Data breaches in India have historically been underreported. There was no law mandating disclosure, no standard for what constituted a notifiable breach, and limited incentive for companies to voluntarily surface incidents that carried reputational risk. The DPDPA 2023 changes this fundamentally. When a breach occurs, the data fiduciary is required to notify both the affected Data Principals and the Data Protection Board — and to do so promptly. The era of quiet remediation without disclosure is over.

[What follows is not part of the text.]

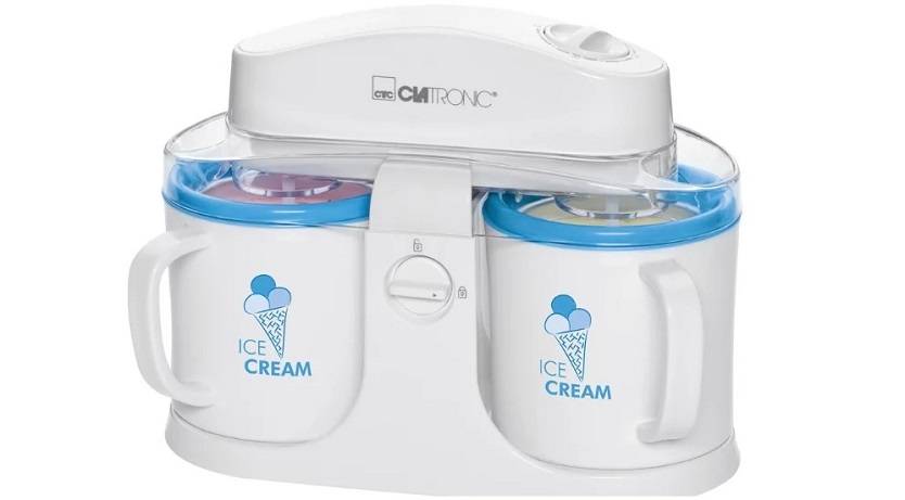 Отличной моделью, позволяющей приготавливать любимое лакомство в домашних условиях, является мороженица от компании Clatronic. От прочих полуавтоматических моделей, представленных в нашем обзоре, этот прибор отличается наличием сразу 2 чаш, объёмом 0,5 кг каждая. Такая конструкция позволяет приготовить сразу около килограмма холодного десерта, причём с разными наполнителями. В зависимости от используемых ингредиентов время работы варьируется от 15 минут до получаса. Правда, перед началом работы чашу придётся охлаждать в холодильнике не менее 12 часов.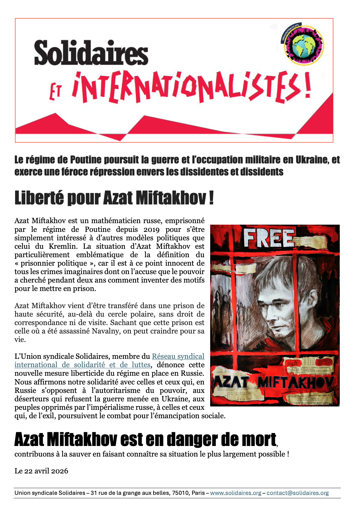 Nous affirmons notre solidarité avec celles et ceux qui, en Russie s’opposent à l’autoritarisme du pouvoir, aux déserteurs qui refusent la guerre menée en Ukraine, aux peuples opprimés par l’impérialisme russe, à celles et ceux qui, de l’exil, poursuivent le combat pour l’émancipation sociale.

The implications for large-scale platforms are significant. A fintech app with 50 million users, a telecom provider, a major e-commerce platform — if any of these suffer a breach affecting personal data, they must individually notify every affected individual. Not a generic announcement on their website. Actual notification to the people whose data was compromised, explaining what happened, what data was involved, and what they should do. At the scale most large Indian platforms operate, this is not a communications task — it is an engineering and operational infrastructure challenge that needs to be designed well in advance of any breach occurring.
The lesson for business leaders is that breach response planning is now a compliance requirement, not a crisis management option. Every data fiduciary needs a documented incident response protocol that covers detection, containment, Board notification, and individual communication — with clear ownership, timelines, and escalation paths. Companies that build this infrastructure proactively will be able to respond with speed and credibility when something goes wrong. Those that don’t will find themselves scrambling under legal obligation, which is the worst possible context in which to build a notification system for millions of people.